<<<<

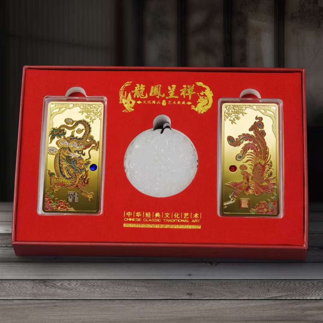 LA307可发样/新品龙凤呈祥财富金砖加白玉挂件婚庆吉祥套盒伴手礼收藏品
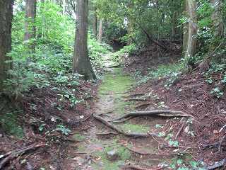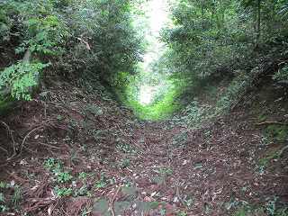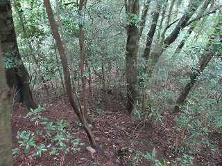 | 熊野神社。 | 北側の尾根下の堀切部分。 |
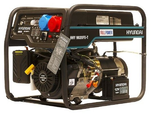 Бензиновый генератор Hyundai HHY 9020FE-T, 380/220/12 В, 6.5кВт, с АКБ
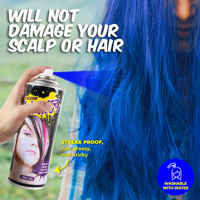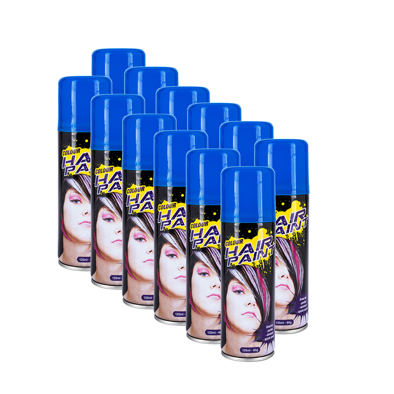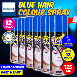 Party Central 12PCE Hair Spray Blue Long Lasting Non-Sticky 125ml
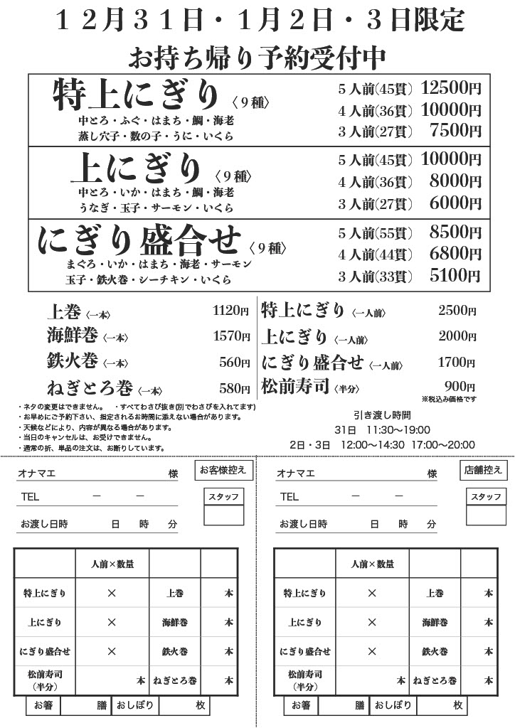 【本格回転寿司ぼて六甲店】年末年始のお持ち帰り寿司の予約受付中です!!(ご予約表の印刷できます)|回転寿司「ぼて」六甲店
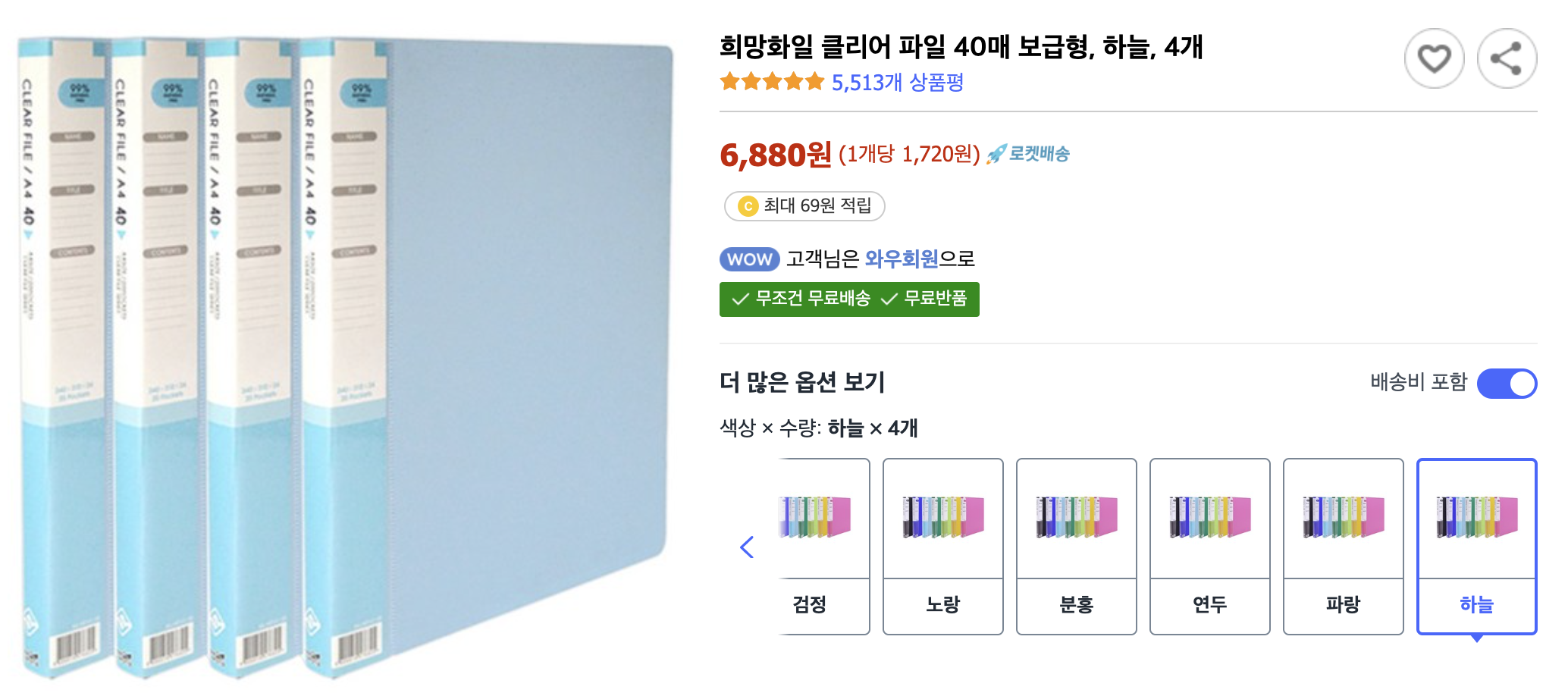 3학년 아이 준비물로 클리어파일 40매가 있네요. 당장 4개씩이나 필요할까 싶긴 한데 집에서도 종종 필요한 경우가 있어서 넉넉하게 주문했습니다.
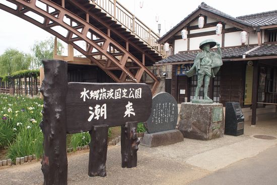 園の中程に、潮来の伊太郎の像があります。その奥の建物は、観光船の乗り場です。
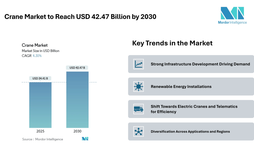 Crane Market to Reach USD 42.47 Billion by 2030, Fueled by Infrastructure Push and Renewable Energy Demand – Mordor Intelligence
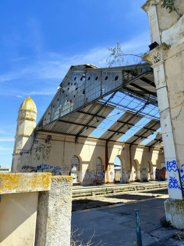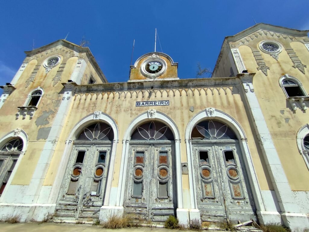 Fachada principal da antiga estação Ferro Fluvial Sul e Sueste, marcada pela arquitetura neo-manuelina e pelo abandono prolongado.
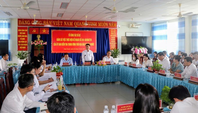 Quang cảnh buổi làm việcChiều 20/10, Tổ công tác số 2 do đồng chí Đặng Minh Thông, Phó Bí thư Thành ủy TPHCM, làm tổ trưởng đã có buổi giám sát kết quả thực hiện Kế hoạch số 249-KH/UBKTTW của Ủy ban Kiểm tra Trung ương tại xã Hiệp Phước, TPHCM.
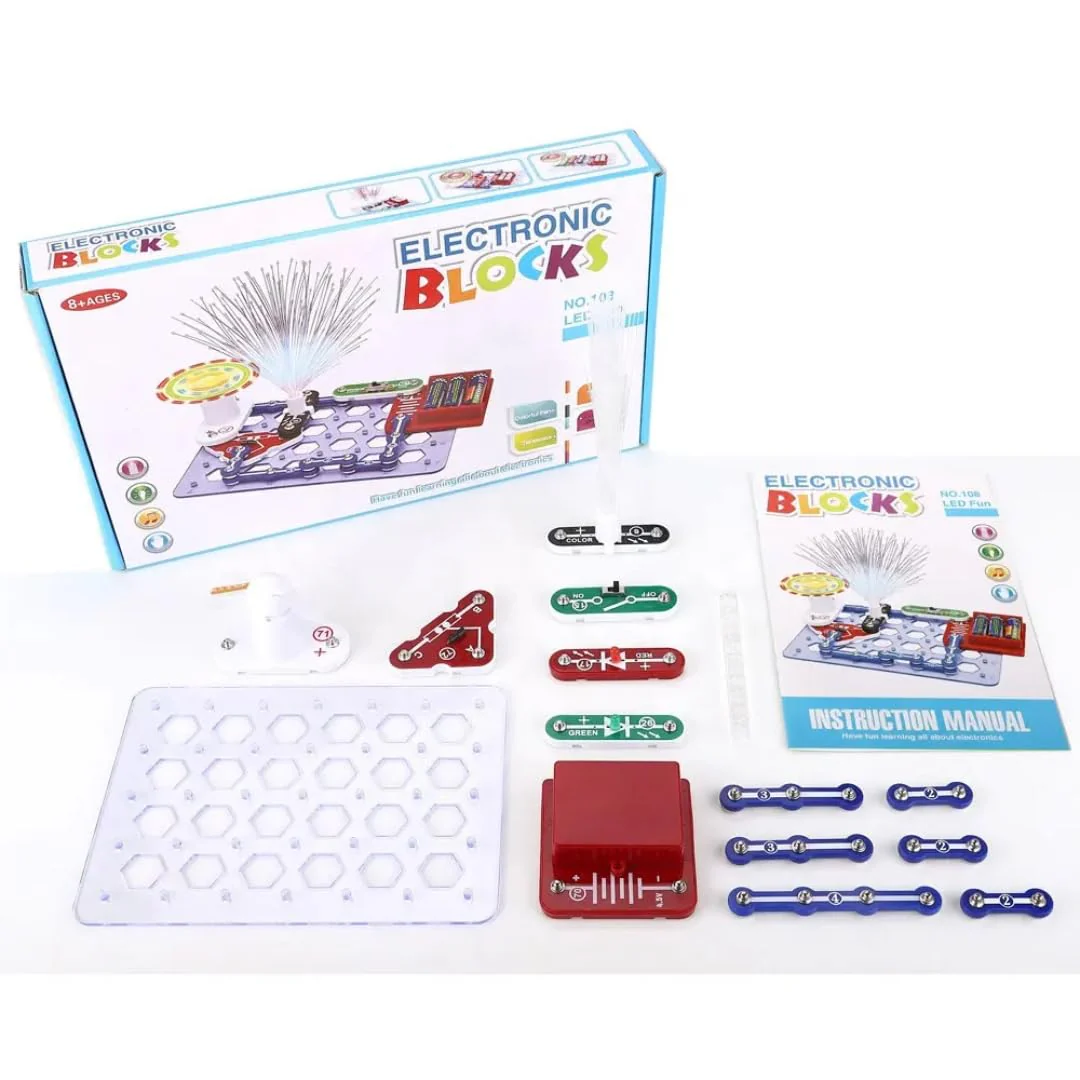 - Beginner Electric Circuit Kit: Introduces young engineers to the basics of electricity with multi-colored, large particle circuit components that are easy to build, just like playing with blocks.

>>>>

What to do -> Return every record exactly, minus the pictures.

Task answer ->
 LA307可发样/新品龙凤呈祥财富金砖加白玉挂件婚庆吉祥套盒伴手礼收藏品
 | 熊野神社。 | 北側の尾根下の堀切部分。 |
 Бензиновый генератор Hyundai HHY 9020FE-T, 380/220/12 В, 6.5кВт, с АКБ
 Party Central 12PCE Hair Spray Blue Long Lasting Non-Sticky 125ml
 【本格回転寿司ぼて六甲店】年末年始のお持ち帰り寿司の予約受付中です!!(ご予約表の印刷できます)|回転寿司「ぼて」六甲店
 3학년 아이 준비물로 클리어파일 40매가 있네요. 당장 4개씩이나 필요할까 싶긴 한데 집에서도 종종 필요한 경우가 있어서 넉넉하게 주문했습니다.
 園の中程に、潮来の伊太郎の像があります。その奥の建物は、観光船の乗り場です。
 Crane Market to Reach USD 42.47 Billion by 2030, Fueled by Infrastructure Push and Renewable Energy Demand – Mordor Intelligence
 Fachada principal da antiga estação Ferro Fluvial Sul e Sueste, marcada pela arquitetura neo-manuelina e pelo abandono prolongado.
 Quang cảnh buổi làm việcChiều 20/10, Tổ công tác số 2 do đồng chí Đặng Minh Thông, Phó Bí thư Thành ủy TPHCM, làm tổ trưởng đã có buổi giám sát kết quả thực hiện Kế hoạch số 249-KH/UBKTTW của Ủy ban Kiểm tra Trung ương tại xã Hiệp Phước, TPHCM.
 - Beginner Electric Circuit Kit: Introduces young engineers to the basics of electricity with multi-colored, large particle circuit components that are easy to build, just like playing with blocks.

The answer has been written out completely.